(apologies for cross-posting, this is relevant to both lists)
Hi all,
Recently the issue of reporting some stats back to the project has
come up [1] and as this is a contentious issue, I'd thought I'd bring
it up on the lists, to get feedback.
Anonymous stat reporting isn't new (I can't recall how long popcon has
been in Debian, but it's a while) and provides valuable data to the
developers about how to prioritize workload. Against that, there is
always privacy concern to be handled, which is what makes this a
treacherous area.
What follows are just my thoughts, to start the discussion:
It seems to me that if we have:
- opt-in
- anonymised
- aggregated
data, then privacy concerns should be mitigated. The opt-in is
especially important; I'd even say it needs to be more effort than a
Setting, and probably something like enabling a cronjob. For
anonymising, whatever we set up to receive incoming stats would drop
things like IP address immediately, and just add the useful data to a
store.
For data, I can see uses for:
- Foreman version
- Proxy version
- Plugins enabled and versions
- Compute resources enabled
Basically, all the stuff on the About page :).
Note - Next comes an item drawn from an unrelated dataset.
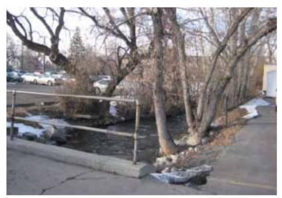
Current creek condition

Bozeman Creek should be revealed and made a centerpiece of downtown's open space system. Where the creek cannot be exposed, it should be highlighted with public art or surface treatments. When space is available, public open space and seating should be provided.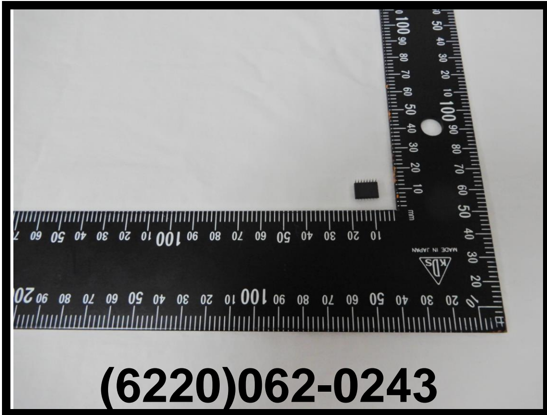
Photo of the Submitted Sample 委送样品照片

Lab No. : (6220)062-0243 Date : March 10, 2020 Page : 7 of 10

For an example psuedo-json:
{'stats':
"foreman_version": "1.9.2",
"proxy_versions": ["1.9.2","1.8.4"],
"compute_resources": ["libvirt","ec2"]
"plugins": {
"discovery": "4.0.0"
}
}
We might also want to look at (a) proxy plugins, and (b) hammer
plugins, but that could be tricky.
Obviously all this would be developed in the open (PRs to foreman-core
for sending, foreman-infra for the reciever). I'd also like to display
the current data via something (possibly on the website or a custom
redmine plugin) - if it's properly anonymised, then we can share it.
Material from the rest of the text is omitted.